Leave out any picture and return the remaining listing below exactly as given.

[DATA PROVIDED Boundary: Start]

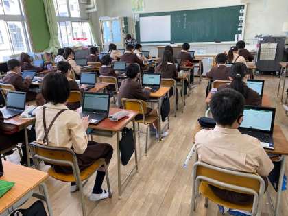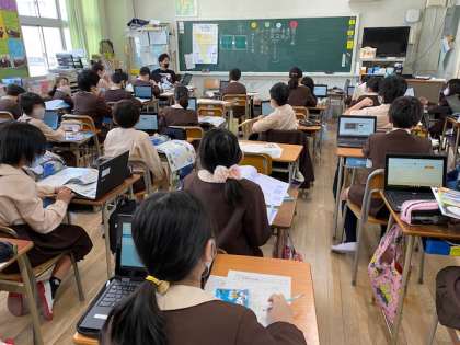 本日3時間目、5年生1・2組の授業のようすです。どちらもタブレットパソコンを使ってジャストスマイルドリルの理科学習をしています。
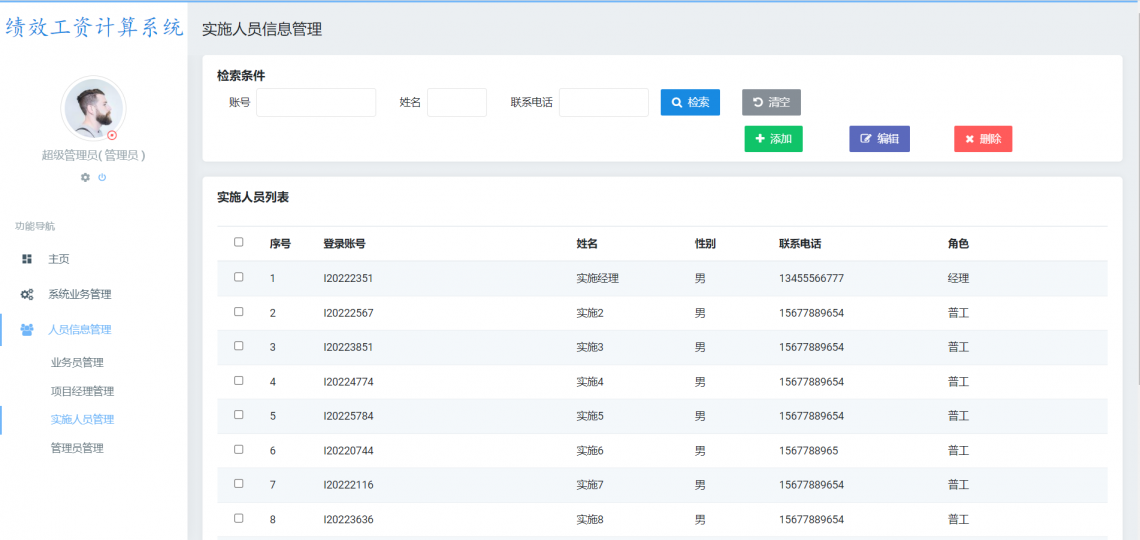 1、人员信息管理(管理员):
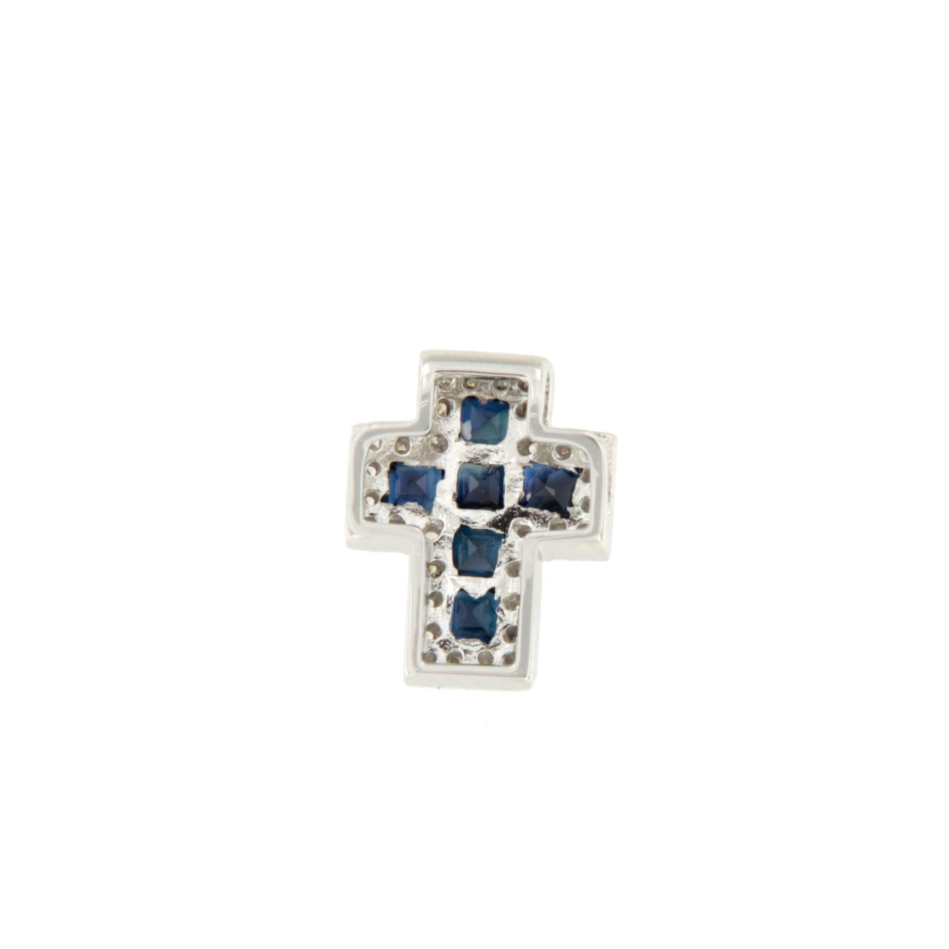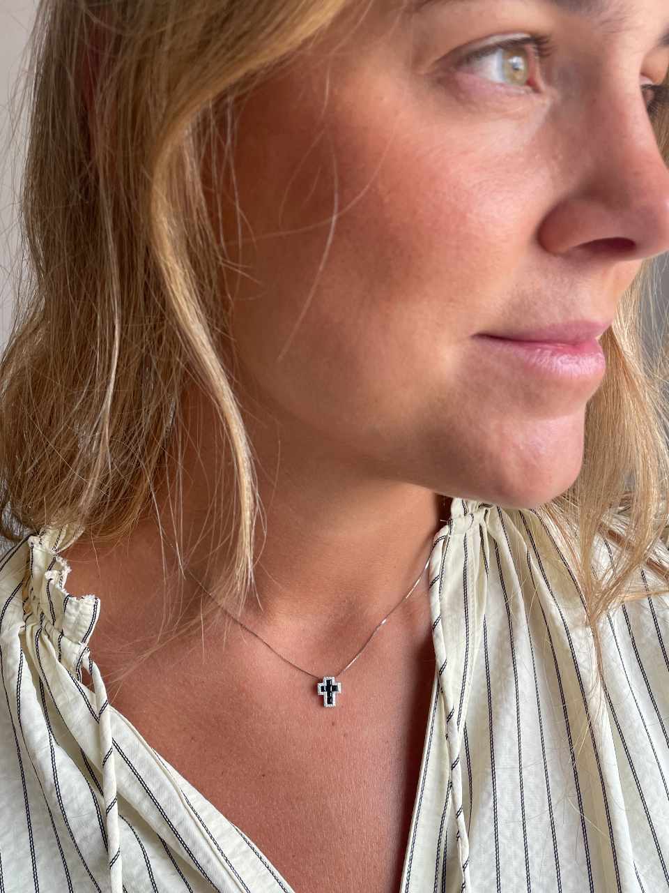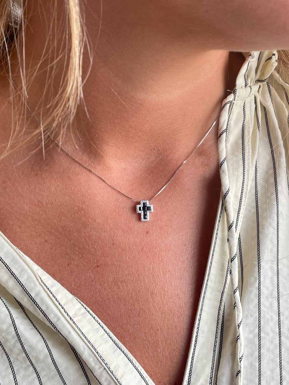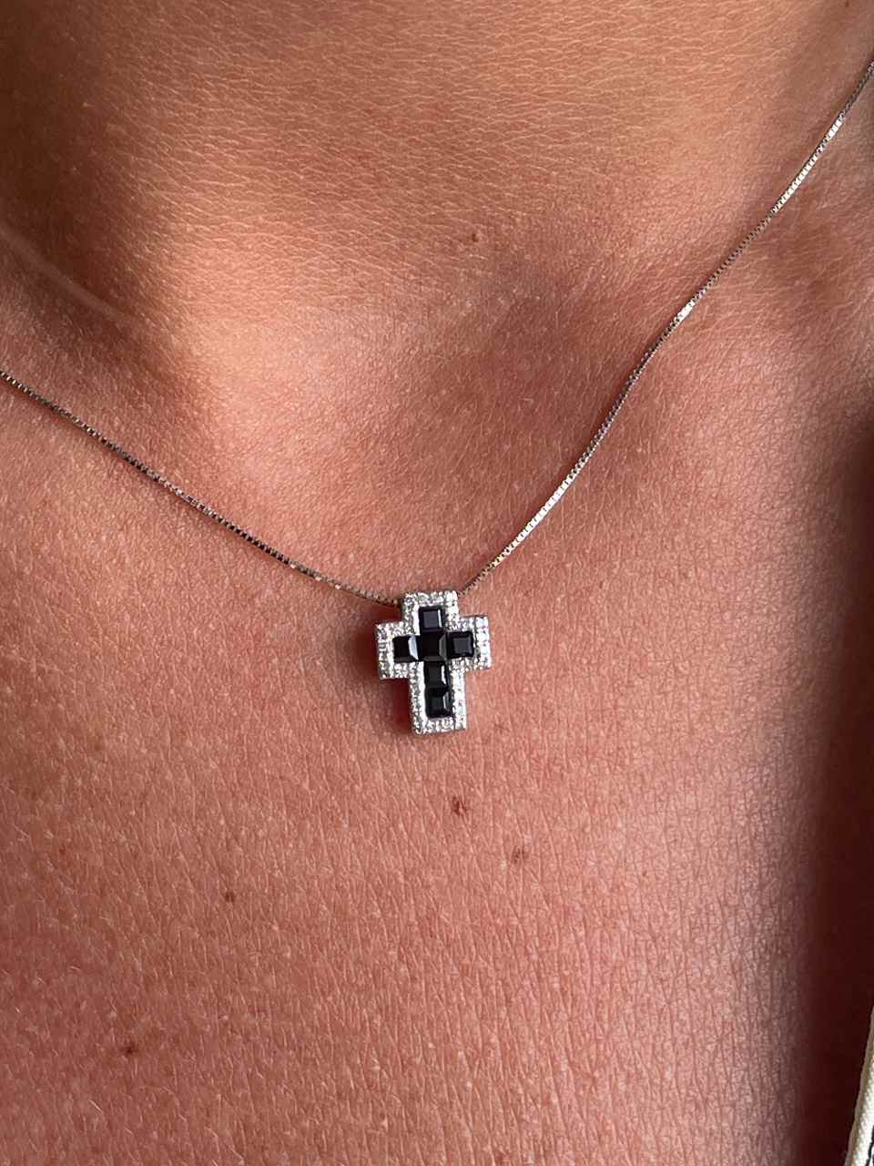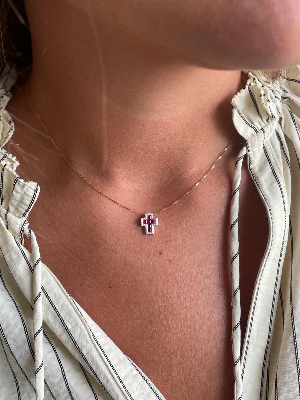 AUREZA is a small cross crafted in 14-karat rose/white gold, depending on the gemstone. Its elegant design combines sapphires/rubies with diamonds, adding a touch of sparkle to the neckline.

[DATA PROVIDED Boundary: End]

PROBLEM SOLUTION:
 本日3時間目、5年生1・2組の授業のようすです。どちらもタブレットパソコンを使ってジャストスマイルドリルの理科学習をしています。
 1、人员信息管理(管理员):
 AUREZA is a small cross crafted in 14-karat rose/white gold, depending on the gemstone. Its elegant design combines sapphires/rubies with diamonds, adding a touch of sparkle to the neckline.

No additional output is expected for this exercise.